The jury deliberated less than an hour after a brief trial that started Monday. After the verdict was read, Aretha Franklin’s grandchildren stepped forward from the first row to hug Kecalf and Edward.

“I’m very, very happy. I just wanted my mother’s wishes to be adhered to,” Kecalf Franklin said. “We just want to exhale right now. It’s been a long five years for my family, my children.”

Aretha Franklin was a global star for decades, known especially for hits like “Think,” “I Say a Little Prayer” and “Respect.” She did not leave behind a formal, typewritten will when she died five years ago at age 76.

But documents, with scribbles and hard-to-decipher passages, emerged in 2019 when a niece scoured the home for records.

In closing arguments, lawyers for Kecalf and Edward Franklin said the fact that the 2014 papers were found in a notebook in couch cushions did not make them less significant.

“You can take your will and leave it on the kitchen counter. It’s still your will,” Charles McKelvie told the jury.

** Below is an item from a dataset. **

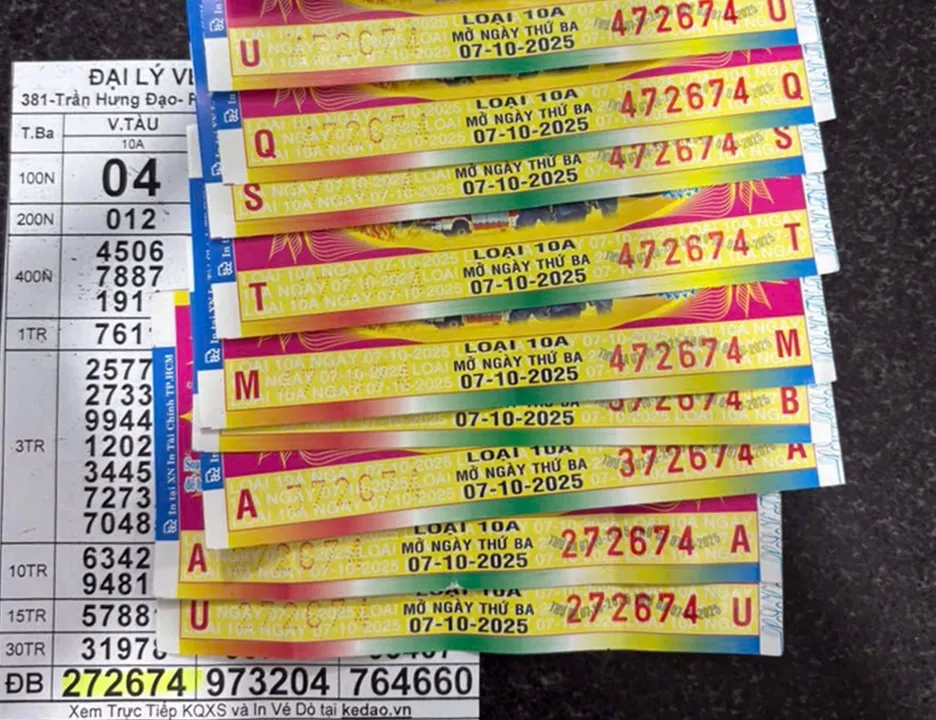 Theo đó, ngày 7-10, Công ty Xổ số kiến thiết Bà Rịa-Vũng Tàu phát hành vé số ký hiệu 10A và dãy số trúng giải đặc biệt (2 tỉ đồng/vé) là dãy số 272674.

Another lawyer, Craig Smith, pointed to the first line of the document, which was displayed on four large posters in front of the jury.

‘Speaking From the Grave’

“Says right here: ‘This is my will.’ She’s speaking from the grave, folks,” Smith said of Franklin.

Kecalf and Edward had teamed up against brother Ted White II, who favored the 2010 will. White’s attorney, Kurt Olson, noted the earlier will was under lock and key. He said it was much more important than papers found in a couch.

“We were here to see what the jury would rule. We’ll live with it,” Olson said after the verdict.

The jury found that the 2014 version was signed by Aretha Franklin, who put a smiley face in the letter ‘A.’

There still will be discussions over whether some provisions of the 2010 will should be fulfilled and whether Kecalf Franklin could become executor of the estate. Judge Jennifer Callaghan told all sides to file briefs and attend a status conference next week.

Franklin’s estate managers have been paying bills, settling millions in tax debts and generating income through music royalties and other intellectual property. The will dispute, however, has been unfinished business.

There are differences between the 2010 and 2014 versions, though they both appear to indicate that Franklin’s four sons would share income from music and copyrights.

But under the 2014 will, Kecalf Franklin and grandchildren would get his mother’s main home in Bloomfield Hills, which was valued at $1.1 million when she died but is worth much more today.

The older will said Kecalf, 53, and Edward Franklin, 64, “must take business classes and get a certificate or a degree” to benefit from the estate. That provision is not in the 2014 version.

White, who played guitar with Aretha Franklin, testified against the 2014 will, saying his mother typically would get important documents done “conventionally and legally” and with assistance from an attorney. He did not immediately comment after the verdict.

The sharpest remarks of the trial came from Smith, who represented Edward Franklin. He told the jury White “wants to disinherit his two brothers. Teddy wants it all.”

Kecalf Franklin sat near White during the trial but they did not appear to speak to each other.

“I love my brother with all my heart,” Kecalf said outside court when asked if there was a rift.

Aretha Franklin’s other son, Clarence Franklin, lives under guardianship in an assisted living center and did not participate in the trial.